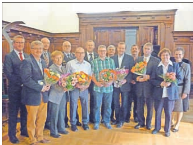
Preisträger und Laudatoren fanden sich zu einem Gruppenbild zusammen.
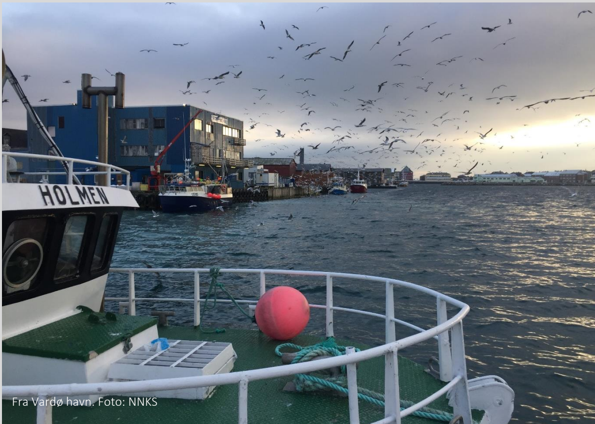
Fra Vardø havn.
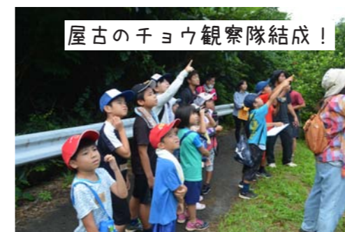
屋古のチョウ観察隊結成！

--

Print every line of the listing exactly, please, and leave the images out.

Preisträger und Laudatoren fanden sich zu einem Gruppenbild zusammen.
Fra Vardø havn.
屋古のチョウ観察隊結成！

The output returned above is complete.